Main content area

Facile and Cost-Effective Approach for Copper Recovery from Waste Printed Circuit Boards via a Sequential Mechanochemical/Leaching/Recrystallization Process

Liu, Kang, Yang, Jiakuan, Hou, Huijie, Liang, Sha, Chen, Ye, Wang, Junxiong, Liu, Bingchuan, Xiao, Keke, Hu, Jingping, Deng, Huali
Environmental science & technology 2019 v.53 no.5 pp. 2748-2757
copper, copper sulfate, cost effectiveness, crystallization, cupric oxide, electronic equipment, electronic wastes, epoxides, fiberglass, forces, hydrogen, leaching, mechanochemistry, models, oxidants, oxidation, potassium persulfate, recycling, waste utilization
The recovery of copper (Cu⁰) from waste printed circuit boards (WPCBs) is a great challenge as a result of its heterogeneous structural properties, with a mixture of metals, epoxy resin, and fiberglass.

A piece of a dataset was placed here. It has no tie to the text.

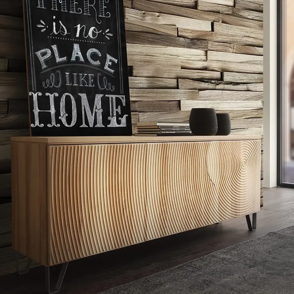 Le madie e i mobili per il living, come il modello Madia optical presente in foto, sono fondamentali sia dal punto di vista dell’estetica che per quanto riguarda la funzionalità: potrai riporci riviste, oggetti d’uso quotidiano o propriamente decorativo. La madia in legno nella fotografia unisce le doti di funzionalità e stile dell’ambiente dando vita a un progetto d’arredo moderno.

In this study, a three-step sequential process, including mechanochemical processing, water leaching, and recrystallization, for Cu⁰ recovery from WPCB powder is reported. Potassium persulfate (K₂S₂O₈), instead of acid/alkali reagents, was employed as the sole reagent in the cupric sulfate (CuSO₄) regeneration process. Complete oxidation of Cu⁰ in the WPCBs to copper oxide (CuO) and CuSO₄ was first achieved during mechanochemical processing with K₂S₂O₈ as the solid oxidant, and the K₂S₂O₈ was simultaneously converted to sulfate compounds [K₃H(SO₄)₂] via a solid–solid reaction with epoxy resin (CₙHₘOy) as the hydrogen donator under mechanical force. The rapid leaching of Cu species in the forms of CuO and CuSO₄ was therefore easily realized with pure water as a nontoxic leaching reagent. The kinetics of the leaching process of Cu species was confirmed to follow the shrinking nucleus model controlled by solid-film diffusion. Finally, CuSO₄·5H₂O was successfully separated by cooling crystallization of the hot saturated solution of sulfate salt [K₂Cu(SO₄)₂·6H₂O]. An efficient conversion of Cu⁰ to CuSO₄·5H₂O product, for WPCB recycling, was therefore established.